Celene Hirrschoff also shared her lasting impressions with the foundation and similar groups.

“The fact that there’s such great organizations right here in Brookings, and that anybody has access to them, and the money stays locally,” she said. “They’ve stayed in touch with my son – they’ve even formed kind of a bond with (Breck) – and so I think it’s really been a blessing to our family to have a picture with Breck and Sandy from the Cubby’s fundraiser last year and her husband. I think we’re blessed by it, and I hope other people are blessed by these types of things in our community.

“I just think it’s a very good cause and (Sandra and Bill) have done a lot of good with the tragedy of what happened to them,” Celene Hirrschoff added, saying that she hopes her family will also be able to help others at a time when they’re in need.
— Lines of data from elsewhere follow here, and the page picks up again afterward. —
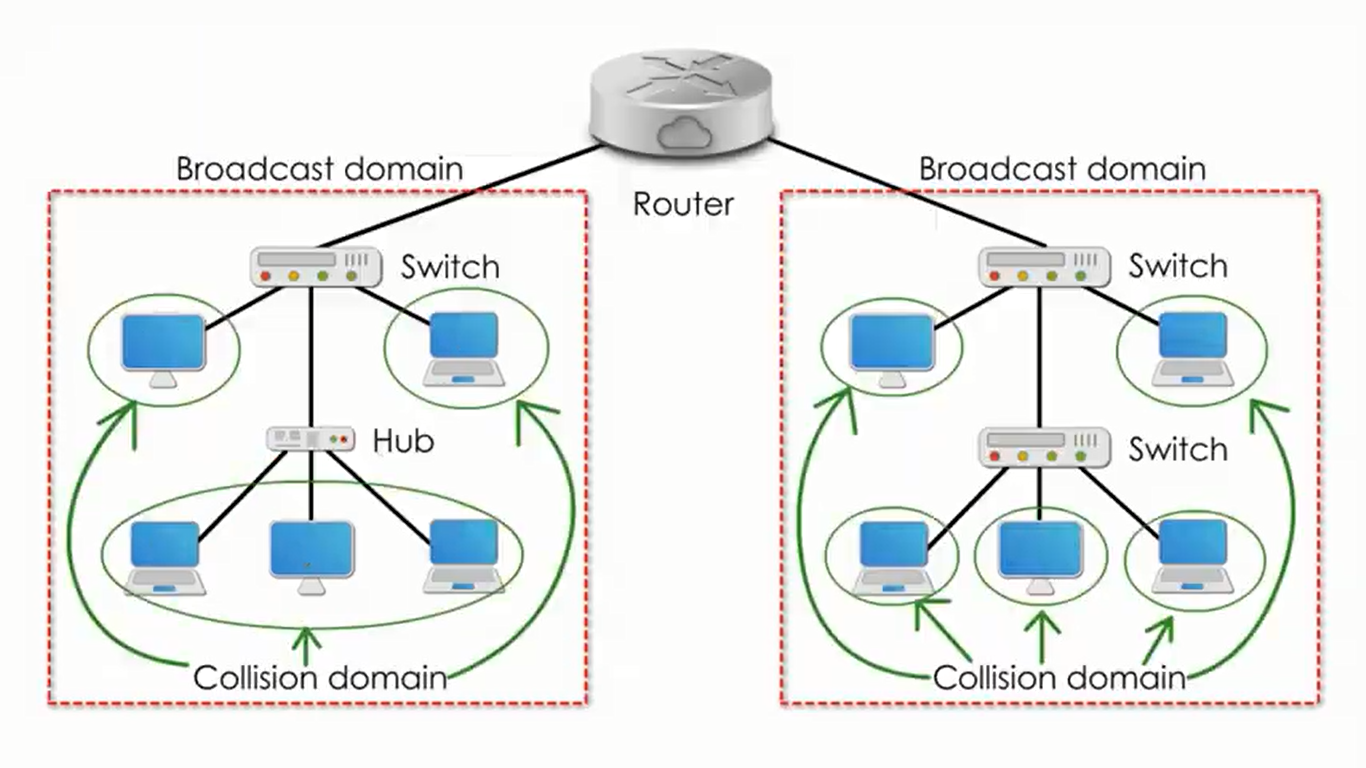 이 때, 서로 신호의 충돌을 감지할 수 있는 영역을 콜리전 도메인(Collision Domain)이라고 합니다. 다시 말해서 같은 콜리전 도메인 영역 안에 들어 있는 컴퓨터들은 서로 동시에 메세지를 보냈을 경우 충돌하며, 따라서 하나의 컴퓨터가 메세지를 보낼 때까지 기다렸다가 다음 컴퓨터가 메세지를 보내야 합니다.
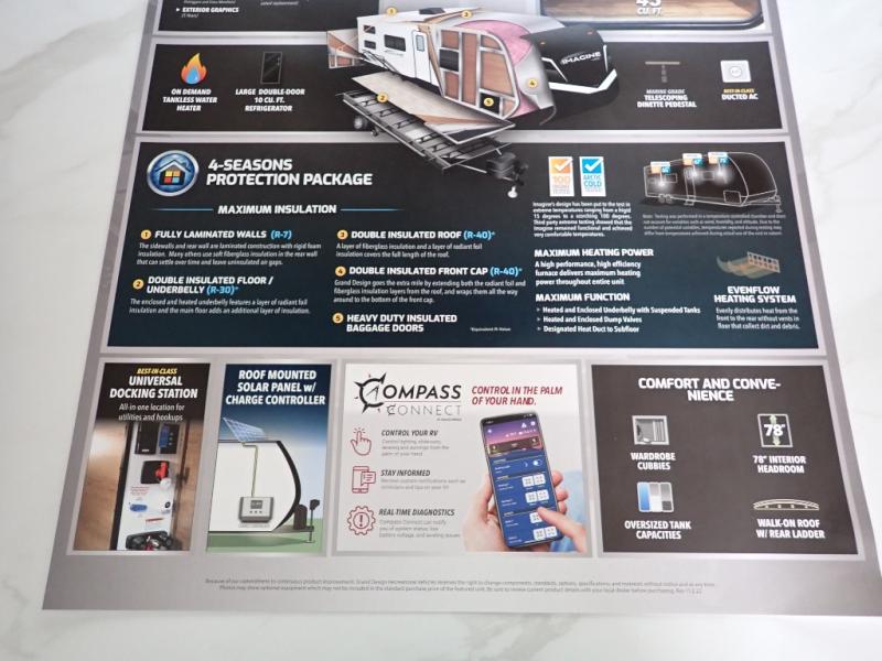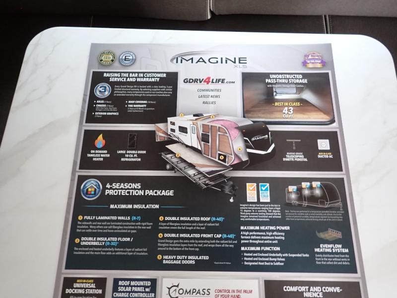 Let your imagination run wild with the possibilities that the Grand Design Imagine XLS travel trailer can provide! The Imagine XLS has been built with oversized tank capacities, an extra-large 2" fresh water drain valve, a ducted A/C system, a power tongue jack, and a heated and enclosed underbelly with suspended tanks. There is a designated heat duct to the subfloor and a residential ductless heating system throughout. For outdoor adventures, the electric awning with LED lights will enable you to stay protected, and the Tuff-Ply pass-thru flooring will withstand your many adventures. You will also love the XLS Solar Package that comes with a 180W roof mounted solar panel, a 40 Amp charge controller, a 12V 10 cu. ft. refrigerator, and roof mounted quick connect plugs!
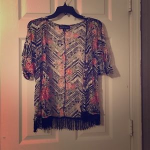 Zebra/Floral silky lightweight cardigan w/ fringes
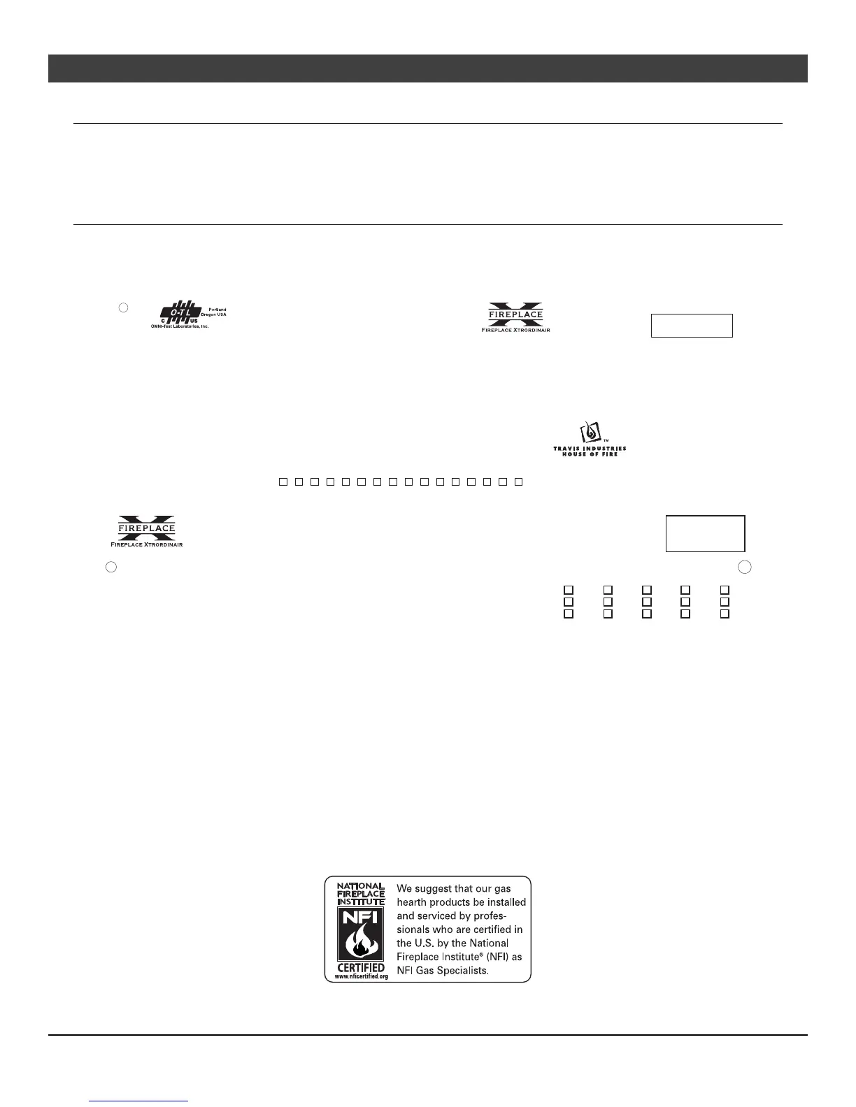 been evaluated as part of the certification. Do not use a fireplace insert or other products not specified for use with this product. This fireplace has not been tested with an unvented gas log set. To reduce
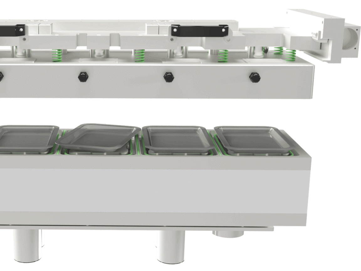 FOODPACK Hyper Tray Sealer is a new concept in-line Tray Sealer resulting in 60+ years of professional engineering experience and continuous research and development. All the main movements are mechanical and driven by servo motors. With the Hyper models technology and engineers, customers can expect the highest level of production throughput with minimal film scrap waste, thanks to the newly engineered tooling. The movement of the containers towards the area of sealing takes place through high precision, continuous motion technology. This process takes place by a set of transport jaws working in complete synergy with the infeed belt and picking up the containers and transporting them inside the area of sealing, without deceleration of speed. In the station of sealing servo technology guarantees precision, speed of execution, reduced maintenance and no compressed air consumption. The film tensioning is automatic and electronically controlled, and mould changeover has been made easier than ever before.

The child that started all of this has been gone almost 40 years now, but his story is still unfolding, and it’s far from being over.
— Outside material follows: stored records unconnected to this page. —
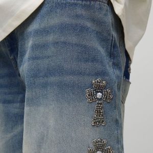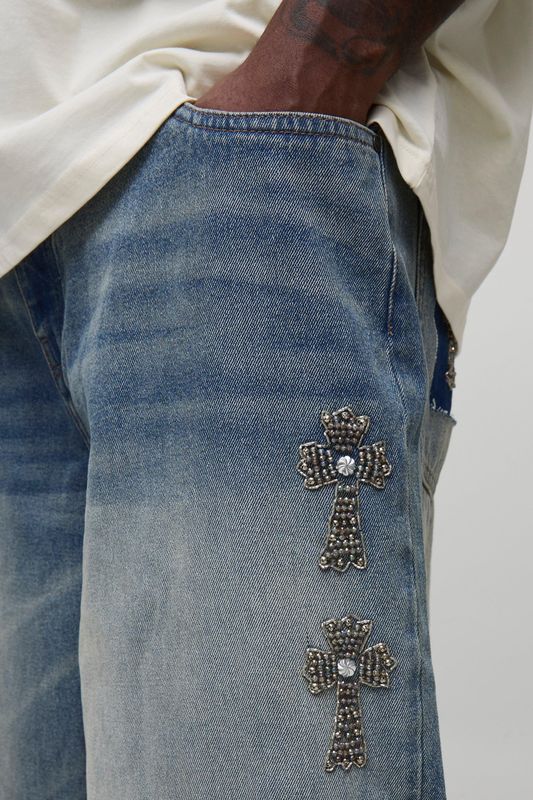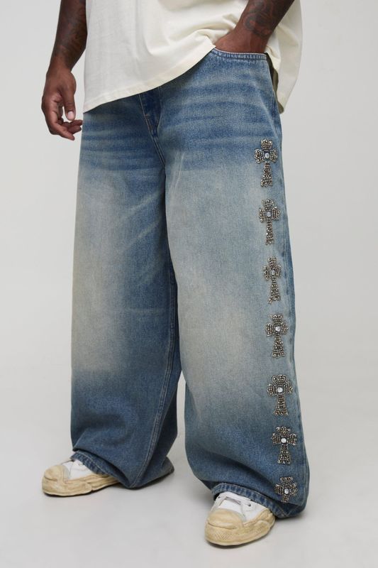 Plus Baggy Rigid Gothic Cross Embellished Jeans
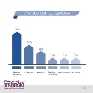 - 90% de los Femicidios fue perpetrado por alguien que conocía a la víctima. El 60% era pareja o ex pareja.
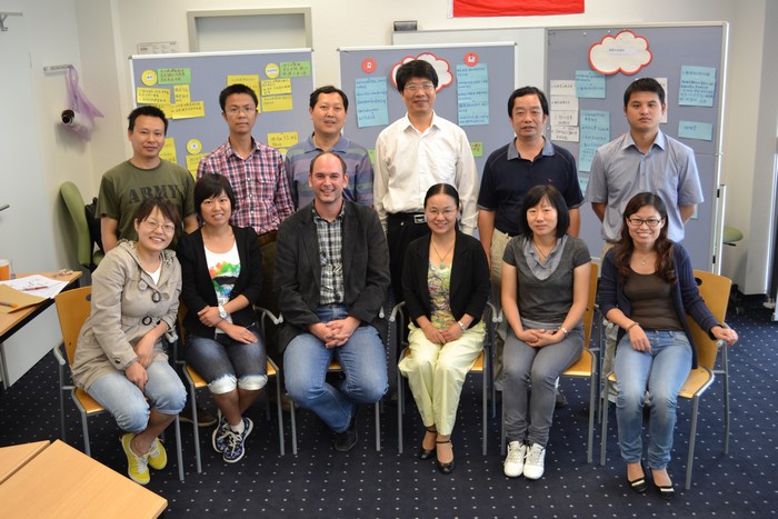 7月12日至8月30日,经教育部遴选,学院教师张修身、张福荣赴德国多特蒙哥,参加了由教育部主办的“2011年度中德高等教育职业教育师资培训项目赴德培训班(第一期)”。 此次培训,重点使学员在理解德国课程开发理念的基础上,掌握专业教学活动设计以及教学组织、教学评价的方式方法。在德期间,两位教师研修了“以行动和流程为导向的塑造职业教育过程、课程开发方法、职业教育流程的计划及对其进行教学方法的塑造”等内容,还参观了德国著名企业和工厂。(姜留涛) 与教师合影

“Kelly’s birthday was in July. He would have been 50. Think of that. We’ll always miss him. He’ll always be part of our family and part of our hearts,” Sandra McGeough said. “He would be so surprised and humbled. He would just say to his Mom and Dad, ‘Can you believe this, Mom and Dad? Wow!’ That was just kind of the little guy he was.”

Foundation fundraisers planned at VFW, Cubby’s in Brookings starting Sunday

Fundraising plays an important role in helping the Kelly McGeough Foundation aid children and their families in Brookings County, and two dates to keep in mind are Aug. 21-22.

• Sunday, Aug. 21, Brookings VFW at 520 Main Ave., from 9:30 a.m. to 1 p.m.: Come on down for your choice of biscuits and gravy, pancakes, scrambled eggs, sausage and beverages for $8. Or get it all for $10.

• Monday, Aug. 22, Cubby’s Sports Bar & Grill at 307 Main Ave., starting at 5 p.m.: Cubby’s is donating proceeds from all food sales that evening to support the foundation’s mission of assisting families whose children are undergoing catastrophic illness or medical situations.